ルカ12:15
それから人々にむかって言われた、「あらゆる貪欲に対してよくよく警戒しなさい。たといたくさんの物を持っていても、人のいのちは、持ち物にはよらないのである」。
「天の窓」2013年10月、デビッド・A・ベドナー、十二使徒定員会
ベドナー姉妹が若い女性の年代だったころ,彼女の母親は家計簿の情報に基づいて,賢明な生活と家庭管理に関する基本的な原則を強調しました。ある日のこと,様々な分野の支出について家族で検討していたとき,興味深いパターンに気づきました。医療費が予想していたよりもはるかに少なかったのです。彼女はこの発見をイエス・キリストの福音に関連づけ,娘に次のような力強い真理を話して聞かせました。すなわち,什分の一の律法に従った生活を送ると数多くの祝福を受けるが,その祝福は重要でありながらもとらえにくく,必ずしも自分たちの期待どおりのものではないので見逃しやすい,ということです。家族の収入が急に,あるいは目に見えて増えるということはありませんでした。その代わり,愛にあふれる天の御父は単純な祝福を,一見平凡に思える方法で授けてくださっていたのです。ベドナー姉妹は,母親から教わったこの大切な教訓,すなわち,旧約聖書のマラキ書で約束されている,天の窓を通してわたしたちに与えられる助けについての教訓をいつも覚えていました(マラキ3:10参照 )。

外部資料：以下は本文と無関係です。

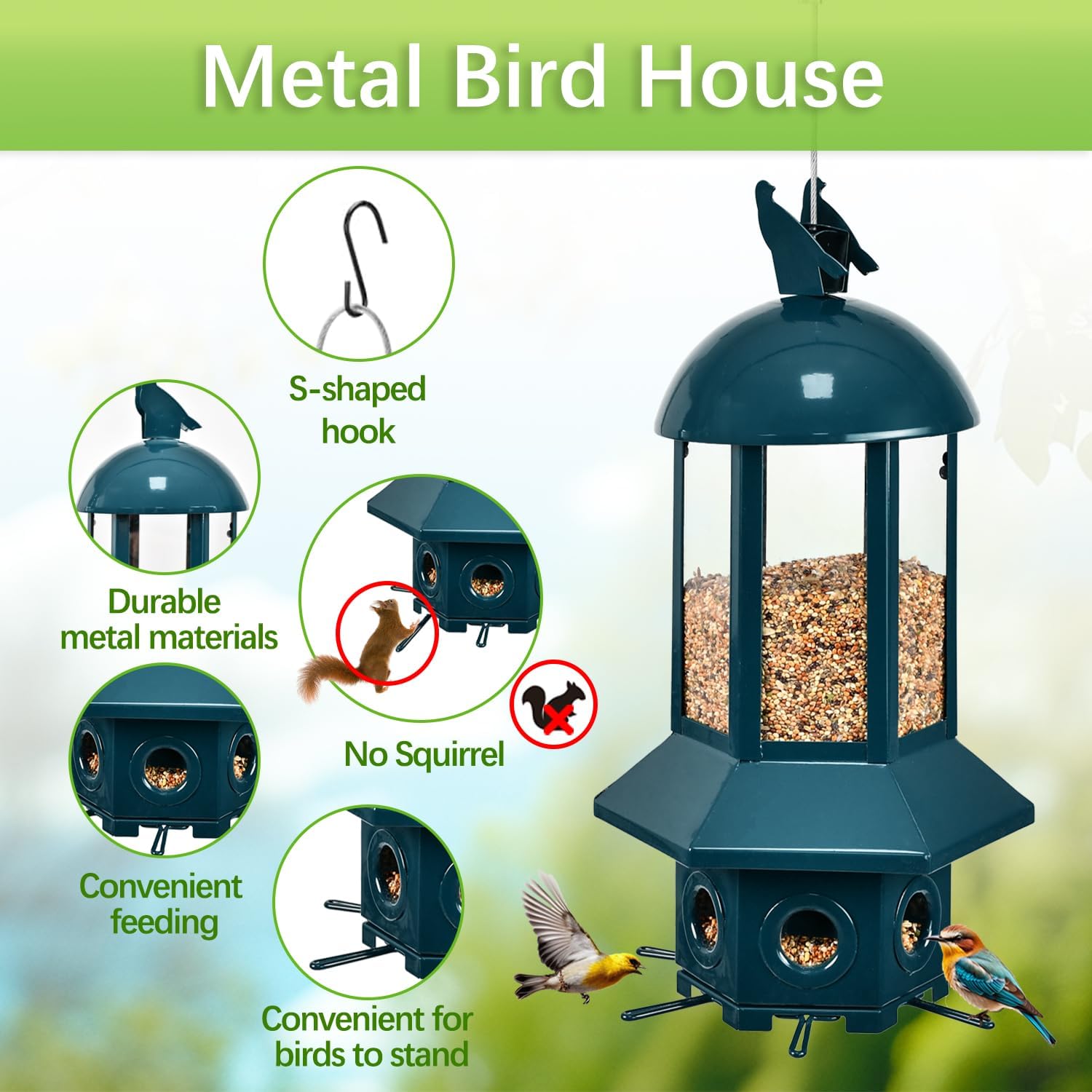 Professional Squirrel Proof Bird Feeders Large Capacity 5.06 lbs, Reliable and Rust Resistant Metal Bird Feeding Station for Prevents Squirrels from Stealing Food and Easy Refilling Blue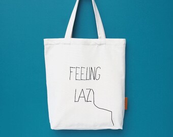 Feeling lazy 100% cotton, 12oz natural canvas tote bag. Ideal for a market bag, handbag, beach bag, shopping bag, grocery bag, library bag

什分の一の律法について教え,証するとき,わたしたちは自分たちが受ける即座の,劇的な,またすぐにそれと分かる物質的な祝福を強調することがよくあります。確かに,そのような祝福を受けることもあります。しかし,この戒めに従うときに受ける様々な祝福の中には,重要でありながらもとらえにくい祝福もあるのです。霊的に注意深く観察力を働かせなければ,そのような祝福は識別できません(1コリント2:14参照 )。

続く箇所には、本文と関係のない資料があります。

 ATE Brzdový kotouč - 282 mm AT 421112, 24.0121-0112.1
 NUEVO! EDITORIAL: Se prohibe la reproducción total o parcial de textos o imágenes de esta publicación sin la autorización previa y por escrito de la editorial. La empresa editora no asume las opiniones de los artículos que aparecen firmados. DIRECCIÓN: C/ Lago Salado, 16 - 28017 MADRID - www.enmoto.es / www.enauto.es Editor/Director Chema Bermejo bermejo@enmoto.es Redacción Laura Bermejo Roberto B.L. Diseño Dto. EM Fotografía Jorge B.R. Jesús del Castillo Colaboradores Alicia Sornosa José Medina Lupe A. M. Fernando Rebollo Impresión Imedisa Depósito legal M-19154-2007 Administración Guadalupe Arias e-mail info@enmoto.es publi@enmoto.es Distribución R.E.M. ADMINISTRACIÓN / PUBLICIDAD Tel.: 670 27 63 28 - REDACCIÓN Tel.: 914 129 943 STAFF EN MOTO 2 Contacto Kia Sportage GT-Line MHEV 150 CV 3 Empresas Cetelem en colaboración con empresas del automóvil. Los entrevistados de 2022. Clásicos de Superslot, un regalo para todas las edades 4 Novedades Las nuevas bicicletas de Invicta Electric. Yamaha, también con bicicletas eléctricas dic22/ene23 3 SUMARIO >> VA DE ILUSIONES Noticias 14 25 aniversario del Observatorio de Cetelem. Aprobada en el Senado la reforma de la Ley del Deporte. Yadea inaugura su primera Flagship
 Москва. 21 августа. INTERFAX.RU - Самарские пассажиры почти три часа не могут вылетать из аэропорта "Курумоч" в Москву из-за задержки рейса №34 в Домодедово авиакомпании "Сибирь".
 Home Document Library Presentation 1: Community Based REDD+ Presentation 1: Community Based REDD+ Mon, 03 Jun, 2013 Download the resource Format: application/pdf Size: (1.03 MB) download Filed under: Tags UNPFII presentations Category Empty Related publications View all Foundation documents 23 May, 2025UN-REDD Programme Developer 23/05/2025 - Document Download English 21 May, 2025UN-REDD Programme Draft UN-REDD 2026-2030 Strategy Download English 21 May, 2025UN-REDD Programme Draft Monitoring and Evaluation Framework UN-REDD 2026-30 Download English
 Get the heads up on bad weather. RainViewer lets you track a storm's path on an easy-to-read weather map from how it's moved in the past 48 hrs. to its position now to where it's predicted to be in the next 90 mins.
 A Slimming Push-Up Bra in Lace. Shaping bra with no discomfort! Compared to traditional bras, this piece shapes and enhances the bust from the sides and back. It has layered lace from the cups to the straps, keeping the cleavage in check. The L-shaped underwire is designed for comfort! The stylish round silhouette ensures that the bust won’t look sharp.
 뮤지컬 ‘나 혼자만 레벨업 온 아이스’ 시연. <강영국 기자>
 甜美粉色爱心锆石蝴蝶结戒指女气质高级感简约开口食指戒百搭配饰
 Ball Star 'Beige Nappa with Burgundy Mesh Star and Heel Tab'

マラキが用いている天の「窓」というイメージは,実に教訓的です。窓がなければ,自然の光が建物の中に差し込むことはできません。同様に,わたしたちが什分の一の律法を尊ぶときに,天の窓を通して,霊的な目覚めや永遠の見地がわたしたちの生活にあふれるほど与えられるのです。
例えば,わたしたちが受ける,とらえにくくても重要な祝福として,感謝という霊的な賜物があります。この賜物があれば自分が持っているものを正しく評価し,自分が欲しいものに対する欲求を抑えることができます。感謝しない人は,尽きることのない不満という貧困の中で苦しみます(ルカ12:15参照) 。
わたしたちは,適切な仕事に就くための助けを求めて祈ることがあります。しかし,ほかの多くの人たちが見逃すかもしれない就職の機会を見いだす力を与える,より優れた識別力という霊的な賜物,あるいはほかの人の能力や意欲を上回るほどに熱心かつ根気強く勤め口を探すための,より確固とした決断力という祝福に気づくためには,信仰の目や耳(エテル12:19参照)が必要です。皆さんは就職先を望んだり,期待したりすることがあるでしょう。しかし,天の窓を通してもたらされる祝福は,ほかのだれか,あるいは何かがきっかけとなって自分の置かれている環境が変わる可能性というよりはむしろ,自ら行動することによって自分の環境を変える能力が増大するという祝福なのかもしれません。
わたしたちは,給与を引き上げてもらい,生活必需品を十二分に供給できるようになるために,望みを抱き,適切な努力を払うかもしれません。しかし,自分の内面において,より少ないお金でより多くの必要を満たすための霊的,物質的な能力が高まったこと(ルカ2:52参照 ),優先順位を決め,簡素化する能力が研ぎ澄まされたこと,すでに獲得した物質的所有物を適切に管理する能力が増し加わったことに気づくためには,信仰の目や耳が求められます。皆さんはより多くの給与を望んだり,それを期待したりすることがあるでしょう。しかし,天の窓を通してもたらされる祝福は,ほかのだれか,あるいは何かがきっかけとなって自分の置かれている環境が変わる可能性というよりはむしろ,自分の環境を変える能力が増大するという祝福なのかもしれません。